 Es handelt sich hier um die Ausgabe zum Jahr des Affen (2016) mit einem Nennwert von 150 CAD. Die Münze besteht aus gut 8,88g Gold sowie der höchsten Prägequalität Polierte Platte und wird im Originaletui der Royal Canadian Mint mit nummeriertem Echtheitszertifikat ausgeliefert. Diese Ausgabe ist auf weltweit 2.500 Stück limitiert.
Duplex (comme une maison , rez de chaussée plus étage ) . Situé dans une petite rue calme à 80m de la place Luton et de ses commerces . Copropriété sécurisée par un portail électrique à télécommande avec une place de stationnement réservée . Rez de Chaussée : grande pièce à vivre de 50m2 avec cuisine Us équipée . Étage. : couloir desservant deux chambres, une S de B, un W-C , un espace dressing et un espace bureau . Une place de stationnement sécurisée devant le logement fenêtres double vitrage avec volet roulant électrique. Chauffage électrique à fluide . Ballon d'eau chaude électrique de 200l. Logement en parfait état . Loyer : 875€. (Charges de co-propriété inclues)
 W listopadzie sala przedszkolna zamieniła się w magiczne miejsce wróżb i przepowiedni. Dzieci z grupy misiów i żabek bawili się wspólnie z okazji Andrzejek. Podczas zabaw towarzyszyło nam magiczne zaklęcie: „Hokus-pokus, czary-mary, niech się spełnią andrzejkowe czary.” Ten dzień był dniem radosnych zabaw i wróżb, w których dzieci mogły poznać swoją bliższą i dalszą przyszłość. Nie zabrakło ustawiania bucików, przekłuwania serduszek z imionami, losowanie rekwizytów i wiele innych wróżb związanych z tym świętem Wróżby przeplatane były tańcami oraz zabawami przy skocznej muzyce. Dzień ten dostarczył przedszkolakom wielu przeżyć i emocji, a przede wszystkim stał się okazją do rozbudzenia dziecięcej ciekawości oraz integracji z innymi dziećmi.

_ _ _ _ _

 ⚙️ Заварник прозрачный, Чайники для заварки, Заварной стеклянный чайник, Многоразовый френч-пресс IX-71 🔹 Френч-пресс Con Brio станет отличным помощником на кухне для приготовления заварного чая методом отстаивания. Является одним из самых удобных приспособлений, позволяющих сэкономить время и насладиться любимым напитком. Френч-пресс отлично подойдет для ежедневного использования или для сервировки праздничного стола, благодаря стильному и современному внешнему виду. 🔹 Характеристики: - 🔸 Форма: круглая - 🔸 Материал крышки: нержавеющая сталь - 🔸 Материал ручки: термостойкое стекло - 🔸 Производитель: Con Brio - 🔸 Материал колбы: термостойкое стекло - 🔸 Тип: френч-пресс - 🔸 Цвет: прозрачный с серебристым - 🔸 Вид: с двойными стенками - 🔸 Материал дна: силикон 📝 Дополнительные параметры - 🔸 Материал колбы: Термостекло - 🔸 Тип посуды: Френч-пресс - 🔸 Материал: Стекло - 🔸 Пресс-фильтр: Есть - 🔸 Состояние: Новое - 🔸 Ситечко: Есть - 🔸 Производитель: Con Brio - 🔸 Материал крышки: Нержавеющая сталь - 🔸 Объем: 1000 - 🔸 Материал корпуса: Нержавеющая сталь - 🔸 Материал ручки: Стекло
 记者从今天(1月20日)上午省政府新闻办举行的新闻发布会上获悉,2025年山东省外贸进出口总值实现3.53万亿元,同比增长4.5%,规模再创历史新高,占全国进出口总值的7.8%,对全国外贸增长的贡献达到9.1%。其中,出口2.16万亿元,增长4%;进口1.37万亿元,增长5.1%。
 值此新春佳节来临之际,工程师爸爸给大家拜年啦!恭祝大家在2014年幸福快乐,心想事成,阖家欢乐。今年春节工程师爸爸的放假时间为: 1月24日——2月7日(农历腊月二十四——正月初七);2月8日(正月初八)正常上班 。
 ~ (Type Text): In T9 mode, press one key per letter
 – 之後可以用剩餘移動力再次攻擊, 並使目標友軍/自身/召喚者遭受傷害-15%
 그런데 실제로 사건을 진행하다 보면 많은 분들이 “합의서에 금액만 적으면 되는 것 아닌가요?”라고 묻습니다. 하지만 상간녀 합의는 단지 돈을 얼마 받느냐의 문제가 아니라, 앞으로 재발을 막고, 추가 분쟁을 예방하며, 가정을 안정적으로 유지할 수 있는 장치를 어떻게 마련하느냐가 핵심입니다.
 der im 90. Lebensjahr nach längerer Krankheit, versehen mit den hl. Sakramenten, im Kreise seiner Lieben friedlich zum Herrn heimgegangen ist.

_ _ _ _ _

▶ _Task goal_:
In the data above, find the line with "Es handelt sich" and the line with "Duplex (comme une". Retype both, plus every line between them, exactly.

▶ _Output of the exercise_:
 Es handelt sich hier um die Ausgabe zum Jahr des Affen (2016) mit einem Nennwert von 150 CAD. Die Münze besteht aus gut 8,88g Gold sowie der höchsten Prägequalität Polierte Platte und wird im Originaletui der Royal Canadian Mint mit nummeriertem Echtheitszertifikat ausgeliefert. Diese Ausgabe ist auf weltweit 2.500 Stück limitiert.
Duplex (comme une maison , rez de chaussée plus étage ) . Situé dans une petite rue calme à 80m de la place Luton et de ses commerces . Copropriété sécurisée par un portail électrique à télécommande avec une place de stationnement réservée . Rez de Chaussée : grande pièce à vivre de 50m2 avec cuisine Us équipée . Étage. : couloir desservant deux chambres, une S de B, un W-C , un espace dressing et un espace bureau . Une place de stationnement sécurisée devant le logement fenêtres double vitrage avec volet roulant électrique. Chauffage électrique à fluide . Ballon d'eau chaude électrique de 200l. Logement en parfait état . Loyer : 875€. (Charges de co-propriété inclues)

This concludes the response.